# This site is awesome. I'm really glad I found it



## Line (Jun 23, 2007)

This site is awesome. I'm really glad I found it

Seems you have a great community growing here. I'm a big fan of horror, sfx and haunted houses. I always wanted to do one myself, so I'm glad to be amongst some like-minded people looking to do the same thing and people who have already done it. 

SWEET!!


----------



## Dr Morbius (Sep 21, 2004)

It's not just an on-line home-away-from-home...it's a..well, uh...a really cool forum!


----------



## BuriedAlive (Jun 8, 2006)

And it's a gathering place of some really great people. Glad you discovered it. Welcome aboard.


----------



## Zombie-F (Apr 12, 2004)

Welcome to the madness! Hope you enjoy going crazy with the rest of us.


----------



## TwistedDementia (May 2, 2007)

We will try not to frighten you to much... at first, LOL
but seriously, welcome aboard!


----------



## skeletonowl (Aug 8, 2006)

sweet enjoy! check out prop making sites http://halloweenmonsterlist.info and hauntproject.com


----------



## Beepem (Jul 17, 2006)

hey its a great business to be in...


----------



## Bone Dancer (Oct 7, 2005)

Like minded people is right, in here you can talk about corpses and nobody will give you that "look". We will, by the way, ask you how you did it and if you have pictures. There are many truly artistic people in here and they love to share their talent and ideas. You have found a very good place indeed.


----------



## slimy (Jul 12, 2006)

Now you've found it, you can't quit. This site will take up a lot of your time. 

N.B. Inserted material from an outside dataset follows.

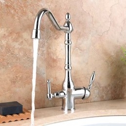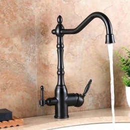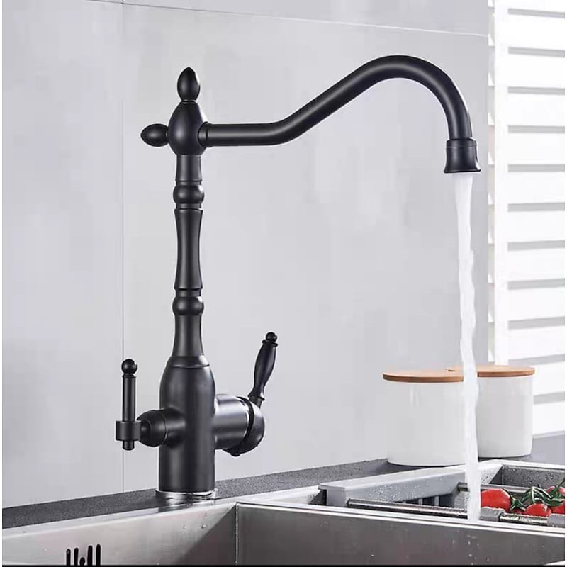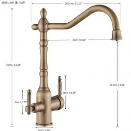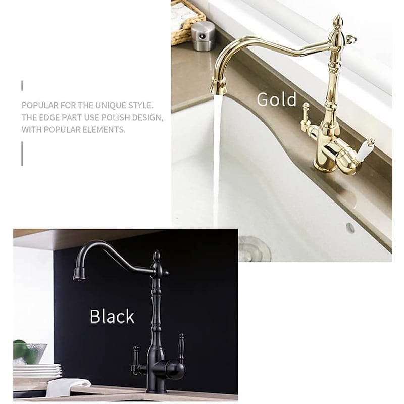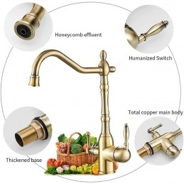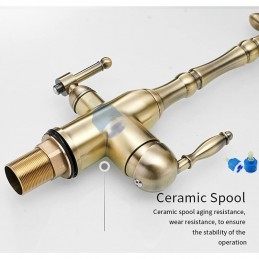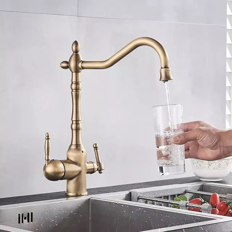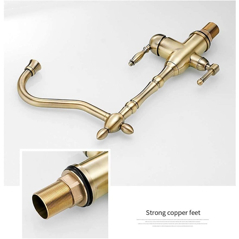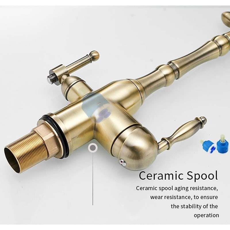 Type: Purified water, Style: Retro Vintage, Features: Multi-function, Faucet Type: Kitchen faucet, Installation Type: Centerset, Valve Type: Ceramic Valve, Finish: Antique Brass, Electroplated, Installation Holes and Handles: Single Handle Two Holes,

And you'll enjoy it the whole time.

Welcome to the forum.


----------



## DeathTouch (Sep 6, 2005)

I hope you are not using this time to advertise your products. If not, then welcome.


----------



## Sickie Ickie (Jun 20, 2006)

Welcome and jump in anytime!


----------



## CerysCrow (Jan 22, 2007)

Welcome!


----------



## Death's Door (Mar 22, 2006)

Welcome to the forum.


----------



## scareme (Aug 29, 2006)

Hi and welcome Line!


----------



## pyro (Oct 7, 2006)

hell o & welcome


----------



## Lilly (Jun 13, 2006)

Welcome Line,
This place will keep you hopping that's for sure


----------



## Line (Jun 23, 2007)

Hey all thanks for the warm welcome, this is seriously a relit passion of mine. The polot light went out when I couldn't seem to find peopel that were into it as well. 

I will be here for eternity. And for those who said I'll be scared.. you better look behind you ;<

LOL


----------



## BooGirl666 (Jul 29, 2006)

You better get the pilot light lit back up!!!! And have a pen and peice of paper to get your list started again.... gotta build this, gotta build that


----------



## Spooklights (Jul 4, 2006)

Hi, and welcome! We don't bite.....much.


----------